- Your objective -
Using the listing below, copy exactly each line from the one that has "お預かりした電子レンジは外装" through the one that has "Un tramway T3"; omit the pictures.

- Information given -

####################

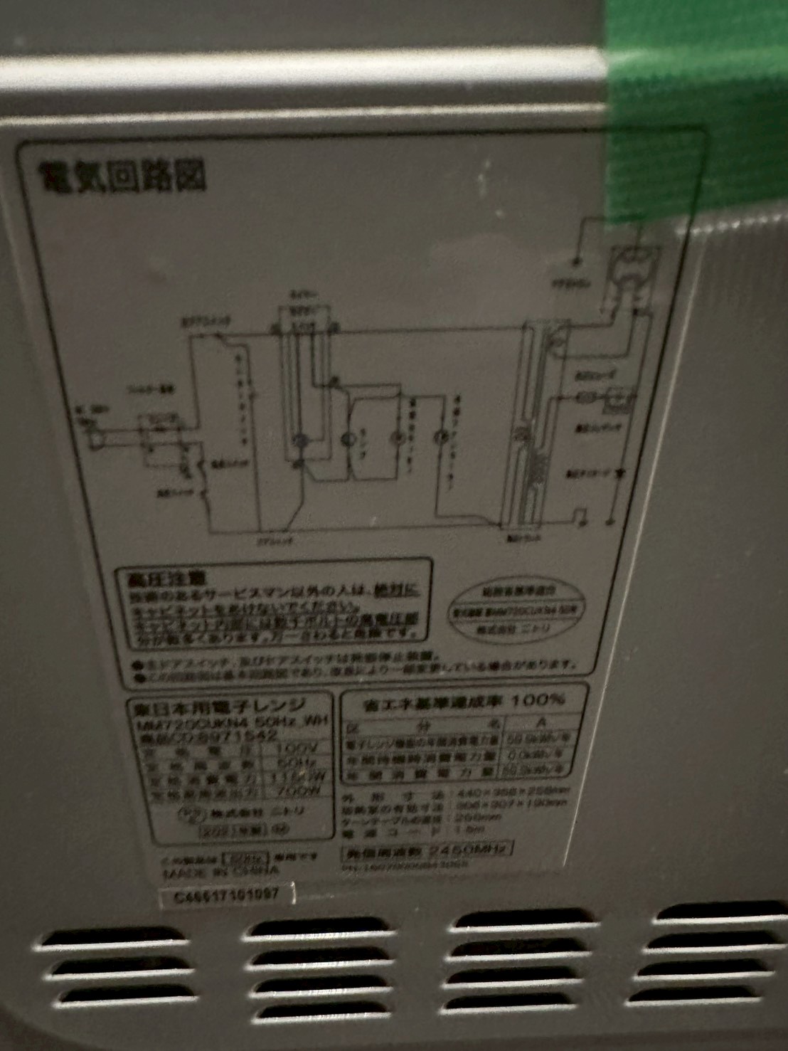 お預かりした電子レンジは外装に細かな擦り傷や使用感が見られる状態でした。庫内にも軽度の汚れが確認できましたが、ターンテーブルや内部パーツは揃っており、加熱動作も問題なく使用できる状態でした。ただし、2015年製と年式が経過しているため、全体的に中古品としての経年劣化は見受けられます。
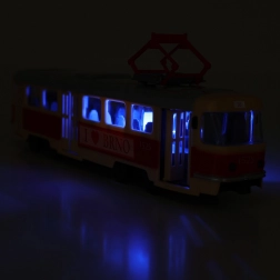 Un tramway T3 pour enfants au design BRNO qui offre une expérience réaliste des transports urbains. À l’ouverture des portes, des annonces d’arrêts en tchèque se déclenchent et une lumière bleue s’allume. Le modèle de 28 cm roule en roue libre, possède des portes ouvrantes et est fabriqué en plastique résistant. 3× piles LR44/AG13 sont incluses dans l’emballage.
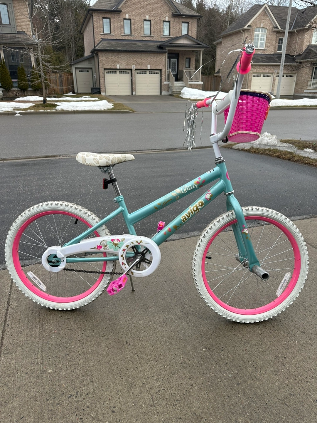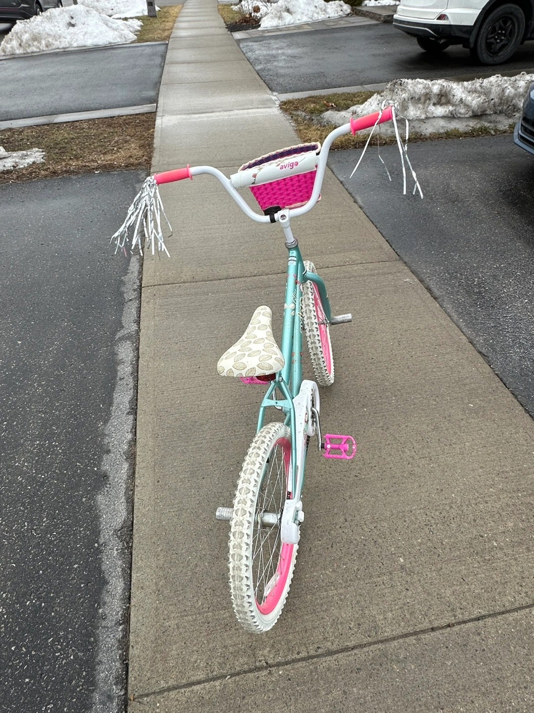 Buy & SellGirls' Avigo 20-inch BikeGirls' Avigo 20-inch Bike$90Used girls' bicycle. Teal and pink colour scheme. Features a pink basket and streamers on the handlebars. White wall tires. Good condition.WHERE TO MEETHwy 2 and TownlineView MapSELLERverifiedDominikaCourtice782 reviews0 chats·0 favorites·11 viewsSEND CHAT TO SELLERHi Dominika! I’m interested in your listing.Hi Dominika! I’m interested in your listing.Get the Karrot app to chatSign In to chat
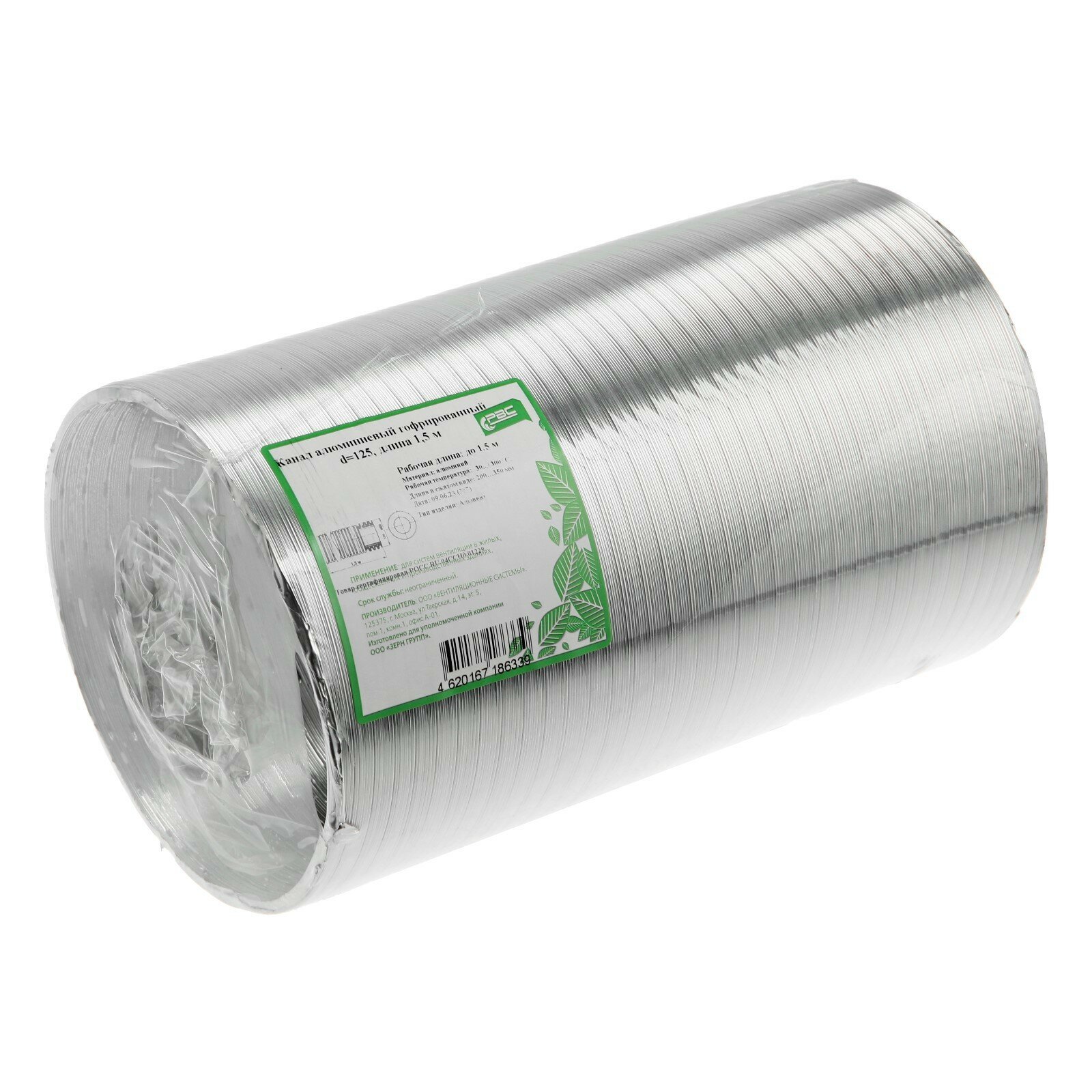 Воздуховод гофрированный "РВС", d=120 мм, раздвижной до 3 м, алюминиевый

####################

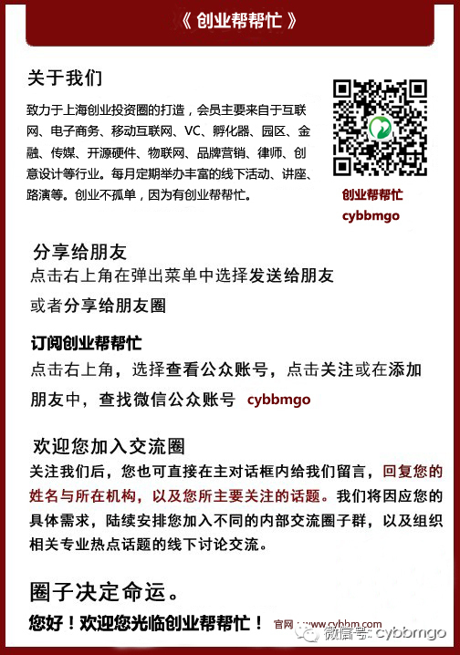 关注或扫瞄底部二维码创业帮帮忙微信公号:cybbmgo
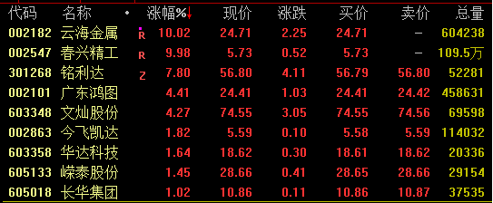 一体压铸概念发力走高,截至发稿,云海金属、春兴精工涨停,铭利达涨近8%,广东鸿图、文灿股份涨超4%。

####################

- Answer box -
 お預かりした電子レンジは外装に細かな擦り傷や使用感が見られる状態でした。庫内にも軽度の汚れが確認できましたが、ターンテーブルや内部パーツは揃っており、加熱動作も問題なく使用できる状態でした。ただし、2015年製と年式が経過しているため、全体的に中古品としての経年劣化は見受けられます。
 Un tramway T3 pour enfants au design BRNO qui offre une expérience réaliste des transports urbains. À l’ouverture des portes, des annonces d’arrêts en tchèque se déclenchent et une lumière bleue s’allume. Le modèle de 28 cm roule en roue libre, possède des portes ouvrantes et est fabriqué en plastique résistant. 3× piles LR44/AG13 sont incluses dans l’emballage.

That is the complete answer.